Question

If the lines
$ x{\sin ^2}A + y\sin A + 1 = 0 \\
  x{\sin ^2}B + y\sin B + 1 = 0 \\
  x{\sin ^2}C + y\sin C + 1 = 0 \\
$
Are concurrent where A, B, C are angles of triangle then $\Delta ABC$ must be-
A.Equilateral triangle
B.Isosceles Triangle
C.Right angle Triangle
D.No such triangle exists

Answer 1

Hint: The condition of concurrency which states that if three lines${a_1}{x_1} + {b_1}{y_1} + {c_1} = 0$ , ${a_2}{x_2} + {b_2}{y_2} + {c_2} = 0$ and ${a_3}{x_3} + {b_3}{y_3} + {c_3} = 0$ are concurrent then
$\left| {\begin{array}{*{20}{c}}
  {{a_1}}&{{b_1}}&{{c_1}} \\
  {{a_2}}&{{b_2}}&{{c_2}} \\
  {{a_3}}&{{b_3}}&{{c_3}}
\end{array}} \right| = 0$ to solve the lines.
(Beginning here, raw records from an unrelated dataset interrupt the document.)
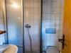 DU/WC mit Haartrockner, Kosmetikspiegel, Handtücher und Regal.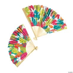 Add color and cheer to your island getaway soirĂ©e! A must-have addition to luau party dĂ©cor, these large hanging folding fans feature an eye-catching design of tropical leaves in hues of orange, pink, green and blue. You’ll love displaying these from the ceiling or against walls, instantly transforming any space into the party place! Wood with paper. (2 pcs. per set) 20″ x 24″ diam.
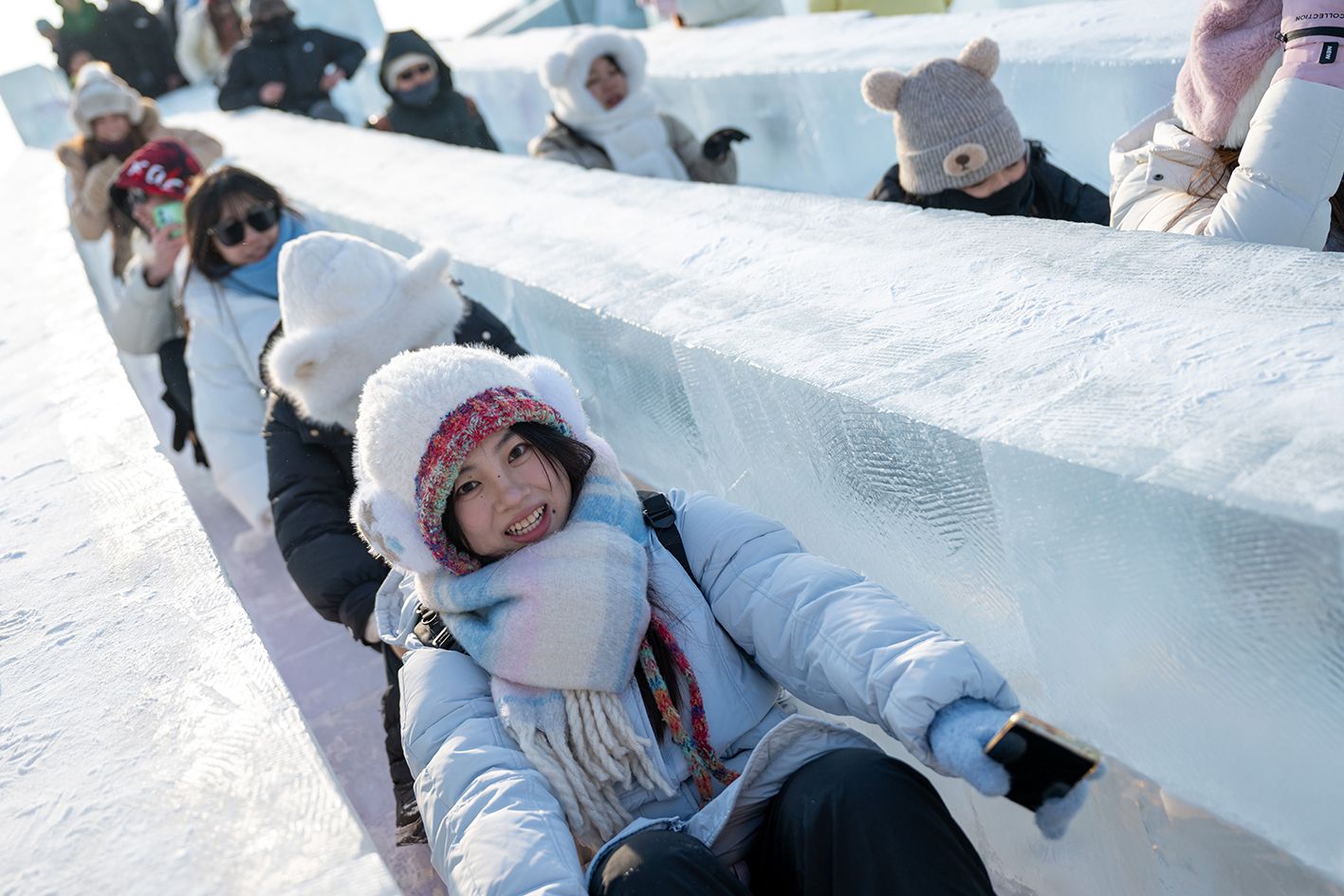 12月21日,游客在哈尔滨冰雪大世界园区内玩滑梯。(新华社)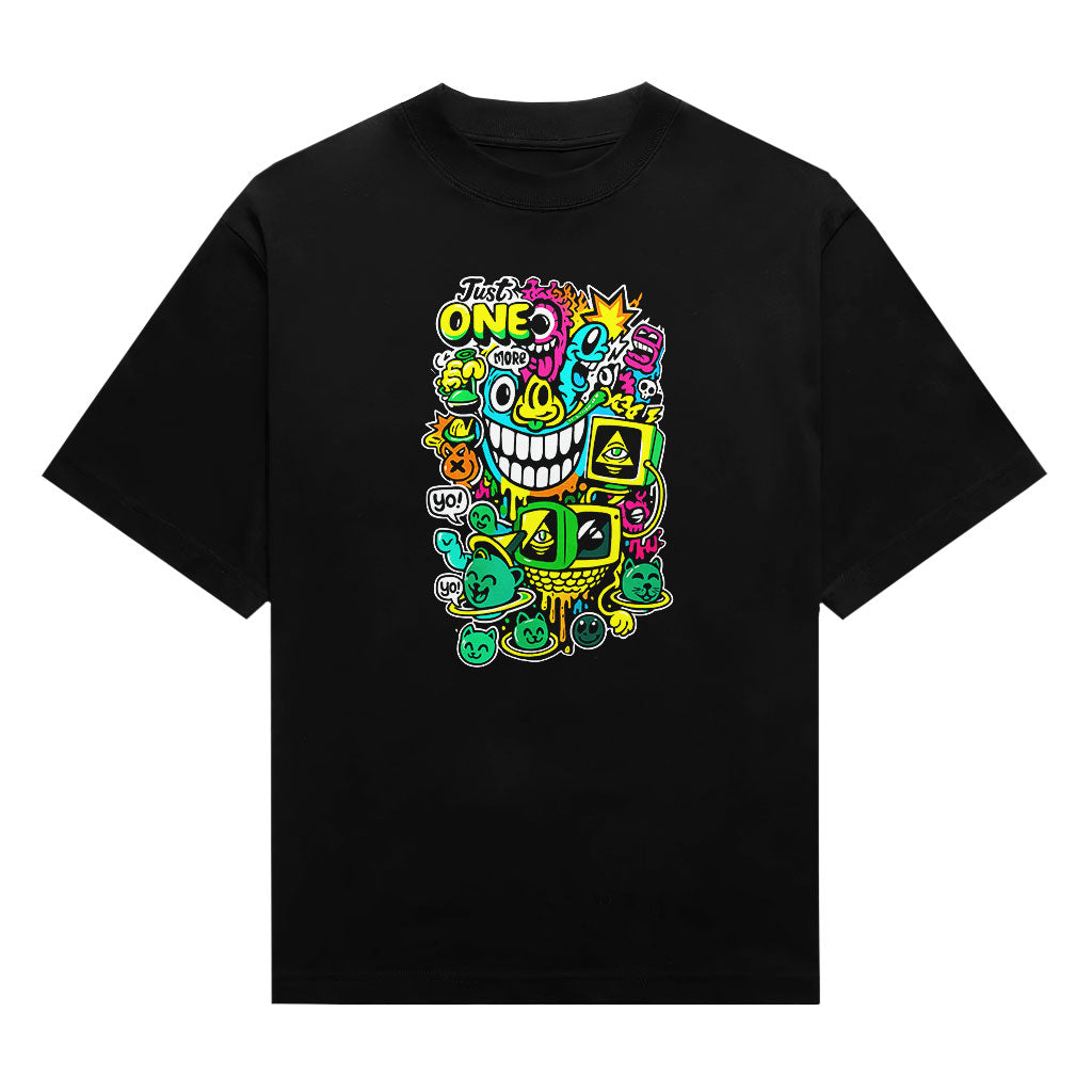 Turn up the chaos with a tee that refuses to be normal. This wild mash-up of neon monsters, quirky faces, and explosive doodle energy captures the exact moment when “just one more” becomes a whole vibe. Printed in bold, electric colors on a soft unisex fit, it’s the perfect graphic tee for anyone who loves loud art, playful rebellion, and standing out without even trying.

If two angles are equal then it is an isosceles triangle, if three angles are equal then it is an equilateral triangle. If one angle equals ${90^ \circ }$ then it is a right angle triangle.If none of the above conditions exists then there is no such triangle.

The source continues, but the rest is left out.